The Ig Nobel Prizes: The Annals of Improbable Research, Marc Abrahams, Dutton, 2003
This book brings together two areas of human endeavor that don't normally go together: science and humor. The Ig Nobel Awards (actually held every year at Harvard University) honor those achievements which "cannot or should not be reproduced."
Did you know that elevator music may help prevent the common cold? Companies like Enron, Global Crossing, Tyco, Waste Management and WorldCom shared an award for adapting the mathematical concept of imaginary numbers for use in the business world. A man from Lithuania created an amusement park called Stalin World.
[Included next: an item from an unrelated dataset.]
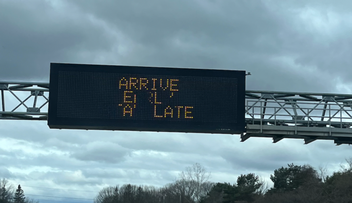 Every 15 minutes or so on the northway, on route 30, on route 8, the byways and highways of the North Country—there's a highway sign foretelling doom.

To save money, the British Royal Navy has barred trainees at its top gunnery school from firing live shells and ordered them to shout "bang." It has been determined that, biochemically, romantic love may be indistinguishable from severe obsessive-compulsive disorder. A college professor from Pennsylvania fed prozac to clams (at the cellular level, clams and humans show remarkable nervous system similarities), resulting in a whole lot of reproducing going on. A man from France is the only winner of two Ig Nobels, for demonstrating that water has a memory, and that the information can be transmitted over the phone and the Internet.
Then there are the "classics," like the scientific investigation of why toast often falls on the buttered side; an Australian man who patented the wheel, and the Australian Patent Office who granted it; a man from Arizona who invented software that detects when a cat is walking across your keyboard; the Southern Baptist Church of Alabama for their county-by-county estimate of how many Alabama citizens will go to hell if they don't repent; the sociology of Canadian donut shops, and the optimal way to dunk a biscuit. Last but not least, a solution has been found to the age-old problem of how to quickly start a barbecue. It can be done in less than four seconds with charcoal - and liquid oxygen.
This book is hilarious. It's humor of a slightly more highbrow variety, designed to make people laugh, then think. It's highly recommended for everyone, even those who think that they hate science.